The film industry is a subject of satire as well. For example, Japanese censorship often involved masking prohibited sections of the screen. Here Suzuki preemptively masked his own compositions but animated them and incorporated them into the film's design.[6] In the story, after Hanada finds he is unable to kill Misako he wanders the streets in a state of confusion. The screen is obscured by animated images with accompanying sounds associated to her. The effects contributed to the eclectic visual and sound design while signifying his obsessive love. Author Stephen Teo proposed that the antagonistic relationship between Hanada and Number One may have been analogous of Suzuki's relationship with studio president Kyūsaku Hori. He compared Hanada's antagonizers to those who had been pressuring Suzuki to rein in his style over the previous two years. Teo cited Number One's sleeping with his eyes open and urinating where he sits, which the character explains as techniques one must master to become a "top professional."[7]
The film was shot in black and white Nikkatsuscope (synonymous with CinemaScope at a 2.35:1 aspect ratio). Due to the wide frame, moving a character forward did not produce the dynamic effect Suzuki desired. Instead, he relied on spotlighting and chiaroscuro imagery to create excitement and suspense. Conventional framing and film grammar were disregarded in favour of spontaneous inspiration. In editing, Suzuki frequently abandoned continuity, favouring abstract jumps in time and space as he found it made the film more interesting.[2] Critic David Chute suggested that Suzuki's stylistics had intensified—in seeming congruence with the studio's demands that he conform:
You can see the director reusing specific effects and pointedly cranking them up a notch. In Our Blood Will Not Allow It, the two battling brothers had a heart-to-heart in a car that was enveloped, just for the hell of it, in gorgeous blue moiré patterns of drenching rain. This "lost at sea" effect is revived in Branded to Kill but there's no sound at all in this version of the scene, except for the gangsters' hushed voices, echoless, plotting some fresh betrayal in a movie-movie isolation chamber.[28]
Reception
Branded to Kill was released to Japanese theatres on June 15, 1967,
"Suzuki makes incomprehensible films.
Suzuki does not follow the company's orders.
Suzuki's films are unprofitable and it costs 60 million yen to make one.
Suzuki can no longer make films anywhere. He should quit.

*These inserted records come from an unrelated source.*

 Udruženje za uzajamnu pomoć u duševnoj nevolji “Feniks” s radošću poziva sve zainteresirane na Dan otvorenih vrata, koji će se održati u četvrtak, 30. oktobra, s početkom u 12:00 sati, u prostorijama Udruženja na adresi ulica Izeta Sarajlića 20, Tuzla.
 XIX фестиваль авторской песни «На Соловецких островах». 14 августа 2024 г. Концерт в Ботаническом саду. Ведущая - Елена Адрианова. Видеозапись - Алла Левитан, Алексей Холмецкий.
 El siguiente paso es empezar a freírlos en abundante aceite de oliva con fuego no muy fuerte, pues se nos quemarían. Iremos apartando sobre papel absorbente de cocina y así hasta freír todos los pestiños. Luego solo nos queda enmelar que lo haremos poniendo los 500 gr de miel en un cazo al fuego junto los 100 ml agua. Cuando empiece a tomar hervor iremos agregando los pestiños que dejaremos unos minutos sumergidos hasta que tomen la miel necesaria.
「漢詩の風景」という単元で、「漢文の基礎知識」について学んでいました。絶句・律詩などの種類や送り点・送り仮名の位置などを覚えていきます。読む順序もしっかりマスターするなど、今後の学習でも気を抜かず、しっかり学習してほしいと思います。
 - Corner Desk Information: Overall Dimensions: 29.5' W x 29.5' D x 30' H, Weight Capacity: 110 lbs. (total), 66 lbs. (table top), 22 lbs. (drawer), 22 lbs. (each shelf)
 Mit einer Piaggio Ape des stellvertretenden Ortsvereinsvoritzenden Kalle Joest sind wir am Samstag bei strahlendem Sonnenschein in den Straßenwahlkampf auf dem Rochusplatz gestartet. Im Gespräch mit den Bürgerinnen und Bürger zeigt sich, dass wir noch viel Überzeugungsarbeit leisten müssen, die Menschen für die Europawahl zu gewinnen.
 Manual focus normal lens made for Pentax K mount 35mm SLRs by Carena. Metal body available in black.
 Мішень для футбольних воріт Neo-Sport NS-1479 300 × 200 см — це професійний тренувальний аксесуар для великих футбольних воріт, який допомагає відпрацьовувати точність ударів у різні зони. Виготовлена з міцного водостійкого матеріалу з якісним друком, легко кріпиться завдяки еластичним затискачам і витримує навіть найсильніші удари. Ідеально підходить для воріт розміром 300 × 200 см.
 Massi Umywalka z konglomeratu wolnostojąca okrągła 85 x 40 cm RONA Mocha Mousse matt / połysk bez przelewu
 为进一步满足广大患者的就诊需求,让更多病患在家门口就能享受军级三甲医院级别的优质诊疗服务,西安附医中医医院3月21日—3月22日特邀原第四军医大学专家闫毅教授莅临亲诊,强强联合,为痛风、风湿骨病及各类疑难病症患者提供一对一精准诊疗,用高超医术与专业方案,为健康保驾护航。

Suzuki should open a noodle shop or something instead."
A student
Branded to Kill first reached international audiences in the 1980s, featuring in various film festivals and retrospectives dedicated wholly or partially to Suzuki,[23][35][36] which was followed by home video releases in the late 1990s.[37] It garnered a reputation as one of his most unconventional, revered Nikkatsu films and an international cult classic.[38][39] It has been declared a masterpiece by the likes of film critic Chuck Stephens,[40] writer and musician Chris D.,[12] composer John Zorn[5] and film director Quentin Tarantino.[41] Writer and critic Tony Rayns noted, "Suzuki mocks everything from the clichés of yakuza fiction to the conventions of Japanese censorship in this extraordinary thriller, which rivals Orson Welles' Lady from Shanghai in its harsh eroticism, not to mention its visual fireworks."[6] Modified comparisons to the films of a "gonzo Sam Fuller",[28] or Jean-Luc Godard, assuming one "factor[s] out Godard's politics and self-consciousness",[23][28] are not uncommon.[22] In a 1992 Rolling Stone magazine article, film director Jim Jarmusch affectionately recommended it as, "Probably the strangest and most perverse 'hit man' story in cinema."[42] Jasper Sharp of the Midnight Eye wrote, "It is a bloody marvellous looking film and arguably the pinnacle of the director's strikingly eclectic style."[20]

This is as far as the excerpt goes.